- [Work request]: Each record that follows must be given again without alteration.

- [The data]:
════════════════════
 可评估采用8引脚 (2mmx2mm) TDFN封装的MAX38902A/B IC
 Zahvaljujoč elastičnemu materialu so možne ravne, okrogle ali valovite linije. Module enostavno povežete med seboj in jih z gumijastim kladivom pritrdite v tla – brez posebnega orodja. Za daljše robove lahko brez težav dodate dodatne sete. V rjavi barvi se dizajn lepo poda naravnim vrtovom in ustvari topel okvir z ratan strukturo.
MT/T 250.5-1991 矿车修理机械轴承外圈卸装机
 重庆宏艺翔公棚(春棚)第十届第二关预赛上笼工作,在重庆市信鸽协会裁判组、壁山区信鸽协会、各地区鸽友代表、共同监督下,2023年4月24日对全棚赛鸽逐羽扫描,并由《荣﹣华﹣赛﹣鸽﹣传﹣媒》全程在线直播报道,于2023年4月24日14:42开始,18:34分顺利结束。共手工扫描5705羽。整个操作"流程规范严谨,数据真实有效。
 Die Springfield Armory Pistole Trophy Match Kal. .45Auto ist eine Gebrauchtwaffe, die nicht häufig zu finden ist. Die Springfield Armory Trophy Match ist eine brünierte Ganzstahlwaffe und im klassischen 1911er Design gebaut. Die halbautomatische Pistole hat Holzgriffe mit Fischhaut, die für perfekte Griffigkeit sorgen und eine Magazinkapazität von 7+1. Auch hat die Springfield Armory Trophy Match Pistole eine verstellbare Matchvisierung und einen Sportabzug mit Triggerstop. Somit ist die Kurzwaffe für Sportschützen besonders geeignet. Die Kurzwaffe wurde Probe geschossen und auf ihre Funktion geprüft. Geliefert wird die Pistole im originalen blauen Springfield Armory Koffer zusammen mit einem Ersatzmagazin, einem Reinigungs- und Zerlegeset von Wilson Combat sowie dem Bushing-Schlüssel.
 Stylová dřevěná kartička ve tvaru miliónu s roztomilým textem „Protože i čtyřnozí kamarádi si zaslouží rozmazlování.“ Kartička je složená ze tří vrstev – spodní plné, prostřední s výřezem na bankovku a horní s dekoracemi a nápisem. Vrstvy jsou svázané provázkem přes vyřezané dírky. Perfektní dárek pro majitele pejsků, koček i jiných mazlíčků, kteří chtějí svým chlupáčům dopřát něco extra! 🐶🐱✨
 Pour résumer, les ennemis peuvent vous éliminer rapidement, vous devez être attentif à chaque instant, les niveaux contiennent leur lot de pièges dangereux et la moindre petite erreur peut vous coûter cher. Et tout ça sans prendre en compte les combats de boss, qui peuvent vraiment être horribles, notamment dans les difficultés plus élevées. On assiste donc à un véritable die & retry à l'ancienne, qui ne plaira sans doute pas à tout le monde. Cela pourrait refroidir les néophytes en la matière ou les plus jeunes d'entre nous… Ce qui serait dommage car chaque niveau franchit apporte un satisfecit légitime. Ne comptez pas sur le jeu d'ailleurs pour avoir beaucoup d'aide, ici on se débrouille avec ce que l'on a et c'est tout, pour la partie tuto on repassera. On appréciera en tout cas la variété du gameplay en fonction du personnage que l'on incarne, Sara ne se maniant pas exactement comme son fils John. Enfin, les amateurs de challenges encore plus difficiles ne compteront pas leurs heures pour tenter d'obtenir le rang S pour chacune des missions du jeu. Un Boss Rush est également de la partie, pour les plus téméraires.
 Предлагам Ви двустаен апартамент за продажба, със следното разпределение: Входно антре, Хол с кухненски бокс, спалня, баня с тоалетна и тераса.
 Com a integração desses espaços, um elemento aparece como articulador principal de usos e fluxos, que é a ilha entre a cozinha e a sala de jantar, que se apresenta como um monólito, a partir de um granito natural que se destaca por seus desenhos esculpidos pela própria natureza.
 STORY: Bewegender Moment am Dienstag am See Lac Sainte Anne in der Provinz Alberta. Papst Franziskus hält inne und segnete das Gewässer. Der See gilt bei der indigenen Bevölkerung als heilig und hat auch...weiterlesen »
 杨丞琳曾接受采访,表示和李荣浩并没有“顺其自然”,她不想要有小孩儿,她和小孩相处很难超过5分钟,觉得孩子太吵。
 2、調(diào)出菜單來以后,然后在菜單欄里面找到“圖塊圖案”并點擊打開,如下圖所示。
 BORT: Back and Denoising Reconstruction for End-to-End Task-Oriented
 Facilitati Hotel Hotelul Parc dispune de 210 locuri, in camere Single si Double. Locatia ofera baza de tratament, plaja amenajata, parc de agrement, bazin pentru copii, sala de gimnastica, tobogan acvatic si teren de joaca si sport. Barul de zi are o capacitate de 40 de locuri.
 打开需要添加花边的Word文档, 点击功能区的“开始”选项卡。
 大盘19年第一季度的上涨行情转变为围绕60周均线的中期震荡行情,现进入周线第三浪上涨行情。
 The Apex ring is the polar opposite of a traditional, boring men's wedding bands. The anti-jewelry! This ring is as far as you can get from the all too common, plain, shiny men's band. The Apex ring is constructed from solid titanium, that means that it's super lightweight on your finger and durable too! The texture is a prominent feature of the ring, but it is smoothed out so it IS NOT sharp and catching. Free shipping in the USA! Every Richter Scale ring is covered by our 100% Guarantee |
════════════════════
- [Output for this task]:
 可评估采用8引脚 (2mmx2mm) TDFN封装的MAX38902A/B IC
 Zahvaljujoč elastičnemu materialu so možne ravne, okrogle ali valovite linije. Module enostavno povežete med seboj in jih z gumijastim kladivom pritrdite v tla – brez posebnega orodja. Za daljše robove lahko brez težav dodate dodatne sete. V rjavi barvi se dizajn lepo poda naravnim vrtovom in ustvari topel okvir z ratan strukturo.
MT/T 250.5-1991 矿车修理机械轴承外圈卸装机
 重庆宏艺翔公棚(春棚)第十届第二关预赛上笼工作,在重庆市信鸽协会裁判组、壁山区信鸽协会、各地区鸽友代表、共同监督下,2023年4月24日对全棚赛鸽逐羽扫描,并由《荣﹣华﹣赛﹣鸽﹣传﹣媒》全程在线直播报道,于2023年4月24日14:42开始,18:34分顺利结束。共手工扫描5705羽。整个操作"流程规范严谨,数据真实有效。
 Die Springfield Armory Pistole Trophy Match Kal. .45Auto ist eine Gebrauchtwaffe, die nicht häufig zu finden ist. Die Springfield Armory Trophy Match ist eine brünierte Ganzstahlwaffe und im klassischen 1911er Design gebaut. Die halbautomatische Pistole hat Holzgriffe mit Fischhaut, die für perfekte Griffigkeit sorgen und eine Magazinkapazität von 7+1. Auch hat die Springfield Armory Trophy Match Pistole eine verstellbare Matchvisierung und einen Sportabzug mit Triggerstop. Somit ist die Kurzwaffe für Sportschützen besonders geeignet. Die Kurzwaffe wurde Probe geschossen und auf ihre Funktion geprüft. Geliefert wird die Pistole im originalen blauen Springfield Armory Koffer zusammen mit einem Ersatzmagazin, einem Reinigungs- und Zerlegeset von Wilson Combat sowie dem Bushing-Schlüssel.
 Stylová dřevěná kartička ve tvaru miliónu s roztomilým textem „Protože i čtyřnozí kamarádi si zaslouží rozmazlování.“ Kartička je složená ze tří vrstev – spodní plné, prostřední s výřezem na bankovku a horní s dekoracemi a nápisem. Vrstvy jsou svázané provázkem přes vyřezané dírky. Perfektní dárek pro majitele pejsků, koček i jiných mazlíčků, kteří chtějí svým chlupáčům dopřát něco extra! 🐶🐱✨
 Pour résumer, les ennemis peuvent vous éliminer rapidement, vous devez être attentif à chaque instant, les niveaux contiennent leur lot de pièges dangereux et la moindre petite erreur peut vous coûter cher. Et tout ça sans prendre en compte les combats de boss, qui peuvent vraiment être horribles, notamment dans les difficultés plus élevées. On assiste donc à un véritable die & retry à l'ancienne, qui ne plaira sans doute pas à tout le monde. Cela pourrait refroidir les néophytes en la matière ou les plus jeunes d'entre nous… Ce qui serait dommage car chaque niveau franchit apporte un satisfecit légitime. Ne comptez pas sur le jeu d'ailleurs pour avoir beaucoup d'aide, ici on se débrouille avec ce que l'on a et c'est tout, pour la partie tuto on repassera. On appréciera en tout cas la variété du gameplay en fonction du personnage que l'on incarne, Sara ne se maniant pas exactement comme son fils John. Enfin, les amateurs de challenges encore plus difficiles ne compteront pas leurs heures pour tenter d'obtenir le rang S pour chacune des missions du jeu. Un Boss Rush est également de la partie, pour les plus téméraires.
 Предлагам Ви двустаен апартамент за продажба, със следното разпределение: Входно антре, Хол с кухненски бокс, спалня, баня с тоалетна и тераса.
 Com a integração desses espaços, um elemento aparece como articulador principal de usos e fluxos, que é a ilha entre a cozinha e a sala de jantar, que se apresenta como um monólito, a partir de um granito natural que se destaca por seus desenhos esculpidos pela própria natureza.
 STORY: Bewegender Moment am Dienstag am See Lac Sainte Anne in der Provinz Alberta. Papst Franziskus hält inne und segnete das Gewässer. Der See gilt bei der indigenen Bevölkerung als heilig und hat auch...weiterlesen »
 杨丞琳曾接受采访,表示和李荣浩并没有“顺其自然”,她不想要有小孩儿,她和小孩相处很难超过5分钟,觉得孩子太吵。
 2、調(diào)出菜單來以后,然后在菜單欄里面找到“圖塊圖案”并點擊打開,如下圖所示。
 BORT: Back and Denoising Reconstruction for End-to-End Task-Oriented
 Facilitati Hotel Hotelul Parc dispune de 210 locuri, in camere Single si Double. Locatia ofera baza de tratament, plaja amenajata, parc de agrement, bazin pentru copii, sala de gimnastica, tobogan acvatic si teren de joaca si sport. Barul de zi are o capacitate de 40 de locuri.
 打开需要添加花边的Word文档, 点击功能区的“开始”选项卡。
 大盘19年第一季度的上涨行情转变为围绕60周均线的中期震荡行情,现进入周线第三浪上涨行情。
 The Apex ring is the polar opposite of a traditional, boring men's wedding bands. The anti-jewelry! This ring is as far as you can get from the all too common, plain, shiny men's band. The Apex ring is constructed from solid titanium, that means that it's super lightweight on your finger and durable too! The texture is a prominent feature of the ring, but it is smoothed out so it IS NOT sharp and catching. Free shipping in the USA! Every Richter Scale ring is covered by our 100% Guarantee |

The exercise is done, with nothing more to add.